None of the images should appear in your copy. Transcribe the data in full.
________
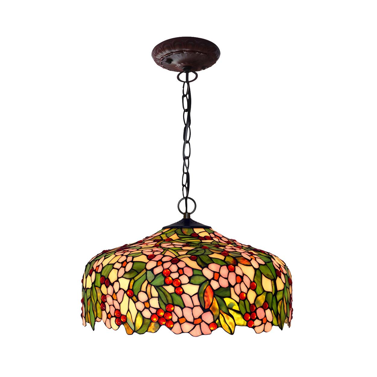 Tiffany Floral Stained Glass Pink Pendant Chandelier Light
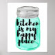Watercolour mason jar in turquoise blue with brush font quote Kitchen is my happy place for a nice artsy decor
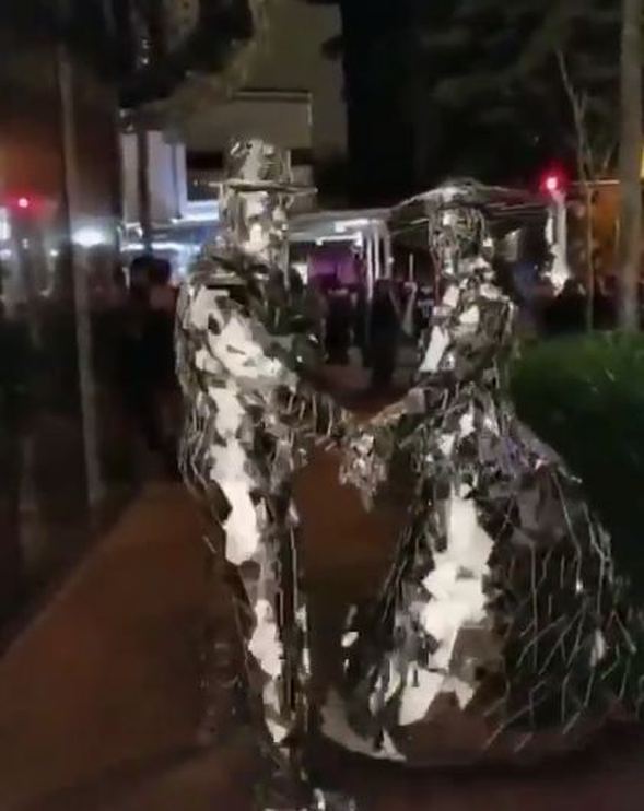 İkoncan Süreyya Yalçın, üstü ayna kaplı kostümle kendisini adeta kamuflaj etti.
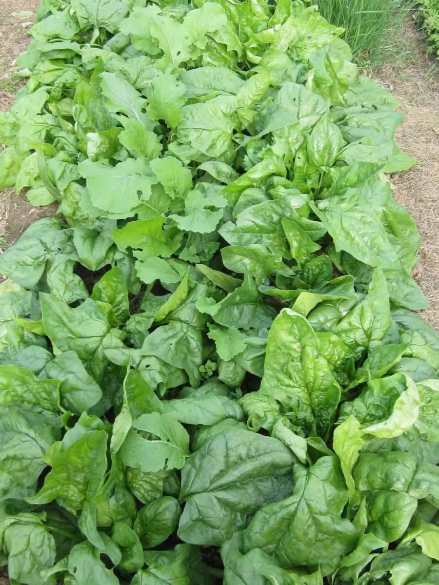 In meinem vorherigen Garten in NRW habe ich mich eine Zeitlang mit einer ganz speziellen Art der Mischkultur nach Gertrud Franck beschäftigt und diese auch begeistert praktiziert. Die Spezialität dieser bekannten Gärtnerin sind die Mischkulturen. Das Besondere daran ist ihre Methode, den Spinat zwischen alle Reihen jeweils alle 50 cm auszusäen. Sie nutzt ihn zunächst als Gemüse, dann aber nach dem Schossen als Trittweg, indem sie ihn einfach abhackt und liegen lässt. Das kommt dem gesamten Boden sehr zugute und ich habe es einige Male so gemacht.
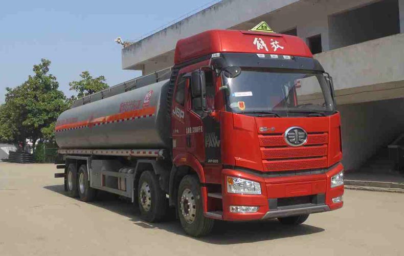 罐體有效容積:30.4立方米,危險貨物運輸車輛的類型:FL型車輛,類項號:3;罐體尺寸(長×長軸×短軸)(mm)為:8800×2470×1770;側、后防護裝置材質均為:Q235B,側、后防護均采用螺栓連接,后部防護裝置斷面尺寸(寬×高)80×150(mm),后部防護離地高度:500mm;選裝擋泥板樣式,選裝箱門樣式和管廂樣式;安裝具有衛星定位功能的行駛記錄儀,僅采用子午線輪胎排氣尾管前置,前置消聲器;前軸裝配盤式制動器;安裝限速裝置,限速79km/h的底盤.ABS系統生產廠家: 長春瑞立科密汽車電子有限公司,型號:CM4XL;油耗申報值(L/100km)與發動機對應關系:37.65(CA6DK1-32E6),38.23(CA6DL6-36E6).該車后軸為采用空氣懸架.轉向輪安裝爆胎應急防護裝置.
________
**Response**
 Tiffany Floral Stained Glass Pink Pendant Chandelier Light
Watercolour mason jar in turquoise blue with brush font quote Kitchen is my happy place for a nice artsy decor
 İkoncan Süreyya Yalçın, üstü ayna kaplı kostümle kendisini adeta kamuflaj etti.
 In meinem vorherigen Garten in NRW habe ich mich eine Zeitlang mit einer ganz speziellen Art der Mischkultur nach Gertrud Franck beschäftigt und diese auch begeistert praktiziert. Die Spezialität dieser bekannten Gärtnerin sind die Mischkulturen. Das Besondere daran ist ihre Methode, den Spinat zwischen alle Reihen jeweils alle 50 cm auszusäen. Sie nutzt ihn zunächst als Gemüse, dann aber nach dem Schossen als Trittweg, indem sie ihn einfach abhackt und liegen lässt. Das kommt dem gesamten Boden sehr zugute und ich habe es einige Male so gemacht.
 罐體有效容積:30.4立方米,危險貨物運輸車輛的類型:FL型車輛,類項號:3;罐體尺寸(長×長軸×短軸)(mm)為:8800×2470×1770;側、后防護裝置材質均為:Q235B,側、后防護均采用螺栓連接,后部防護裝置斷面尺寸(寬×高)80×150(mm),后部防護離地高度:500mm;選裝擋泥板樣式,選裝箱門樣式和管廂樣式;安裝具有衛星定位功能的行駛記錄儀,僅采用子午線輪胎排氣尾管前置,前置消聲器;前軸裝配盤式制動器;安裝限速裝置,限速79km/h的底盤.ABS系統生產廠家: 長春瑞立科密汽車電子有限公司,型號:CM4XL;油耗申報值(L/100km)與發動機對應關系:37.65(CA6DK1-32E6),38.23(CA6DL6-36E6).該車后軸為采用空氣懸架.轉向輪安裝爆胎應急防護裝置.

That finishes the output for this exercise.